How not to check the size of an array in C++

How often do you come across the construction sizeof(array)/sizeof(array[0]) to determine the size of the array? I really hope not often, because it’s already 2024. In this post we’ll talk about the design’s shortcomings, where it comes from in modern code, and how to finally get rid of it.

A little more context

Not long ago I was surfing the Internet in search of an interesting project to check. Eye caught on OpenTTD — Open Source simulator inspired by Transport Tycoon Deluxe (aka transport company simulator). “A good, mature project,” I initially thought. Moreover, there is a reason – he recently turned 20 years! Even PVS-Studio is younger 🙂

Around here it would be good to move on to the errors that the analyzer found, but that was not the case. I would like to praise the developers – despite the fact that the project has existed for more than 20 years, their code base looks great: CMake, working with modern C++ standards and a relatively small number of errors in the code. Everyone would do that.

However, as you understand, if nothing at all had been found, then this note would not have existed. I suggest you look at the following code (GitHub):

NetworkCompanyPasswordWindow(WindowDesc *desc, Window *parent) 
: Window(desc)
, password_editbox(
    lengthof(_settings_client.network.default_company_pass)    // <=
  )
{
  ....
}

It looks nothing interesting, but the analyzer was confused by the calculation of the container size _settings_client.network.default_company_pass. Upon closer examination it turned out that lengthof is a macro, and in reality the code looks like this (slightly formatted for convenience):

NetworkCompanyPasswordWindow(WindowDesc *desc, Window *parent) 
: Window(desc)
, password_editbox(
    (sizeof(_settings_client.network.default_company_pass) /
       sizeof(_settings_client.network.default_company_pass[0]))
  )
{
  ....
}

Well, since we’re laying our cards on the table, we can show the analyzer’s warning:

V1055 [CWE-131] The 'sizeof (_settings_client.network.default_company_pass)' expression returns the size of the container type, not the number of elements. Consider using the 'size()' function. network_gui.cpp 2259

In this case, for _settings_client.network.default_company_pass hiding std::string. Most often the size of the container object obtained via sizeof, says nothing about its true size. Trying to get the size of a string this way is almost always a mistake.
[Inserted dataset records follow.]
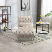 Velvet Chaise Lounge Indoor, Button Tufted Upholstered Chair With Pillow - Beige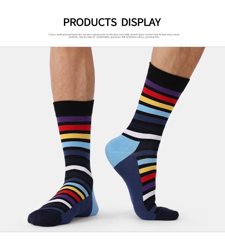 3.Simple striped Color Dress Socks: suitable for both business and casual occasions, paired with leather shoes and casual shoes.
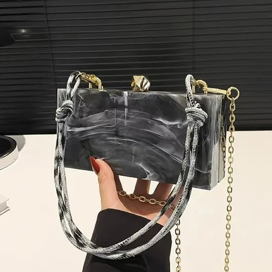 Elevate your style with this chic and versatile evening bag, perfect for any occasion. Crafted with durable acrylic and featuring a solid pattern, this fashion-forward box-shaped clutch is designed for the modern woman. The secure hasp closure ensures your essentials are safe, while the polyester lining adds a touch of elegance. Although compact, its design makes a bold statement, making it an ideal accessory for your next night out.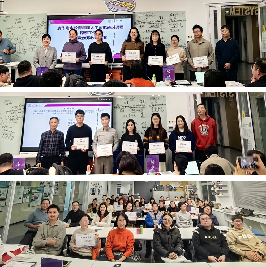 在活动尾声,老师们一同回顾了四期工作坊一路走来的精彩瞬间,为这段充实的学习之旅画上温馨句号。现场举行了结业、评优与聘任仪式,向参与的老师们颁发结业证书,表彰表现优异的老师并授予优秀教师证书,肯定他们在人工智能教育探索中的付出与成长,同时向参与工作坊培训的专家老师颁发聘书。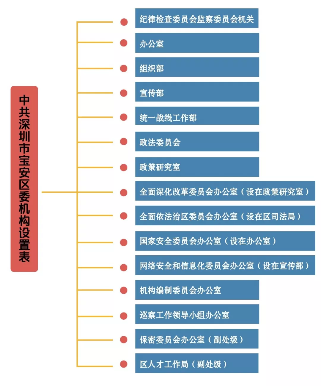 說明:深圳市寶安區(qū)委設(shè)置紀檢監(jiān)察機關(guān)1個,計入機構(gòu)限額的工作機關(guān)10個(設(shè)在相關(guān)部門的區(qū)委議事協(xié)調(diào)機構(gòu)的辦事機構(gòu)不計入機構(gòu)限額)。其中,紀律檢查委員會與監(jiān)察委員會合署辦公,實行一套工作機構(gòu)、兩個機關(guān)名稱;辦公室掛區(qū)外事局、區(qū)檔案局牌子;組織部掛區(qū)直屬機關(guān)工作委員會、區(qū)非公有制經(jīng)濟組織和社會組織工作委員會、區(qū)公務員局牌子;宣傳部掛區(qū)精神文明建設(shè)委員會辦公室、區(qū)新聞出版局、區(qū)互聯(lián)網(wǎng)信息辦公室牌子;統(tǒng)一戰(zhàn)線工作部掛區(qū)民族宗教事務局、區(qū)臺港澳事務局、區(qū)僑務局牌子;保密委員會辦公室掛機要局、區(qū)國家保密局、區(qū)密碼管理局牌子。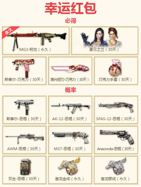 活动期间,每日加入游戏一局,即可任意翻开1个红包,每个红包都会爆出不同品类的宝贝。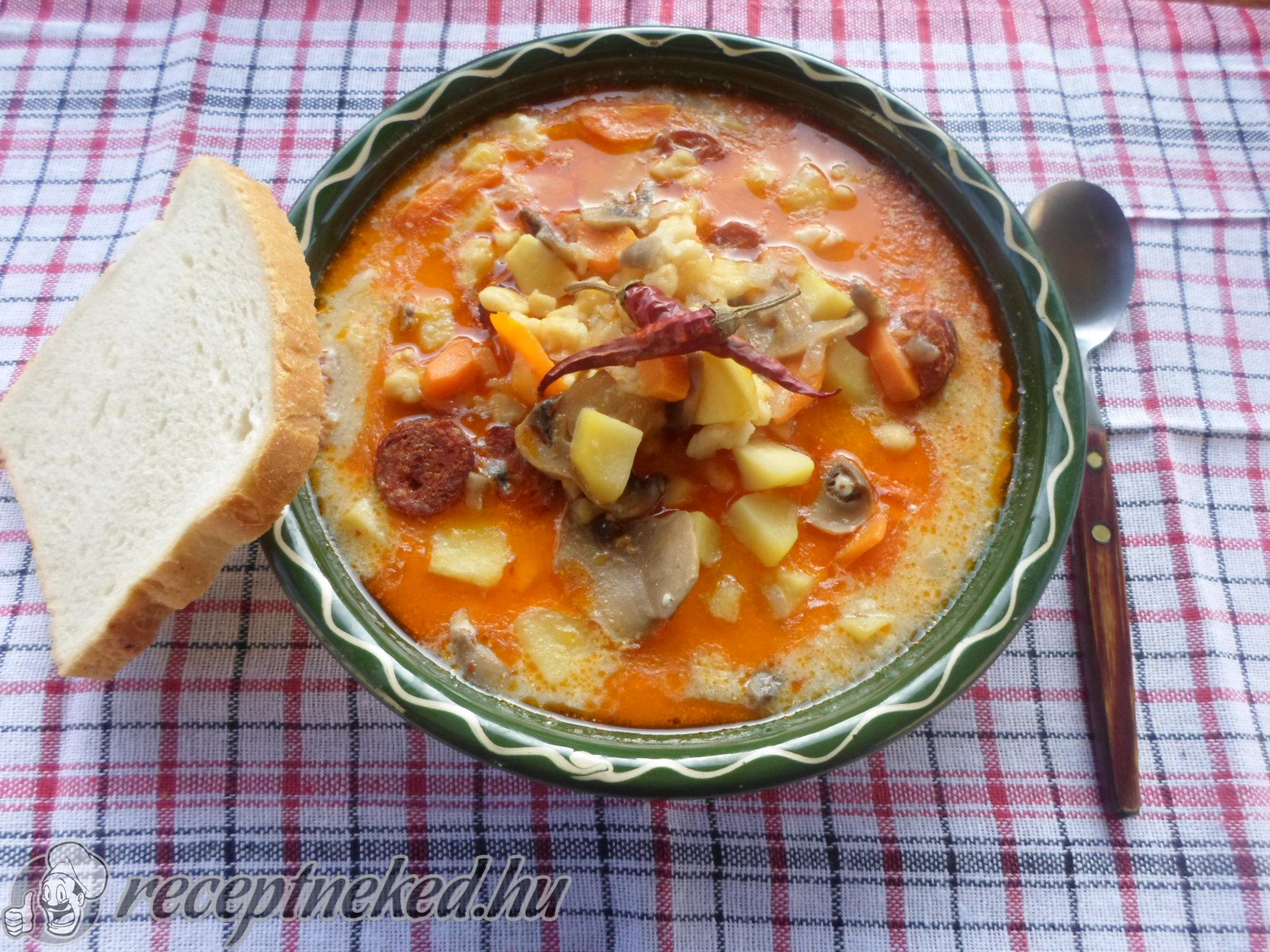 Amikor a leveszöldségek megpuhultak, hozzáadjuk a kolbászos gombát, és további 5 percig főzzük.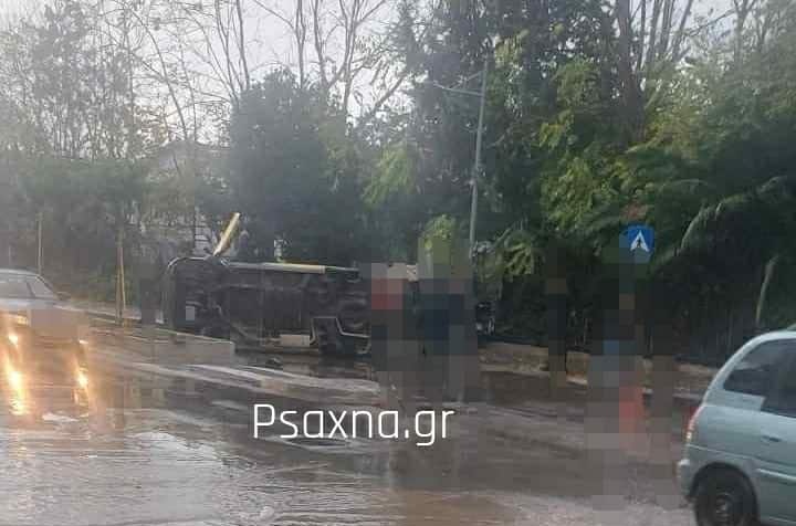 Χαλκίδα:Αυτοκίνητο αναποδογύρισε έξω από την Αστυνομία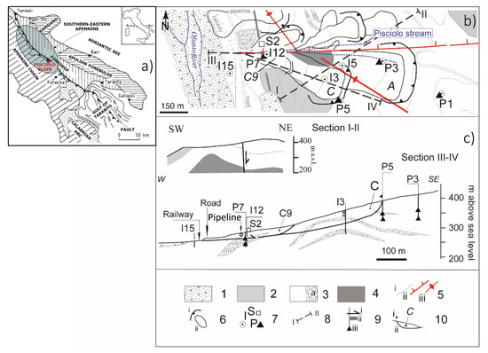 (a) Geological map of the Southern Italy, together with both the limited grey area representing the Southern-Eastern Apennine and the location of the Pisciolo slope. Geological map (b) and sections (c) of the Pisciolo slope (adapted from [3]); section I‒II is the geological section, whereas section III‒IV is the geotechnical one, whose traces are reported; Key: 1) debris and alluvial deposits; 2) N sandstones; 3) PD clays (a; fractured rock strata), 4) R clays; 5) stratigraphic contact (i), fault (ii) and anticline axis (iii); 6) landslide crown (i) and body (ii); 7) borehole with piezometers (P), or with inclinometer (I), GPS sensor (S2); 8) line of section; 9) inclinometer shear bending (i), disturbed soil (ii) and piezometer cell (iii); 10) labelled landslide—crown (i) and slip surface (ii) (Cotecchia et al. 2019).

It's all about the implementation features of modern standard library containers and std::string in particular. Most often they are implemented using two pointers (the beginning and end of the buffer), as well as a variable containing the actual number of elements. This is why when trying to calculate the size* of std::string* using sizeof you will get the same value regardless of the actual buffer size. You can verify this by looking at a small examplewhich I have already prepared for you.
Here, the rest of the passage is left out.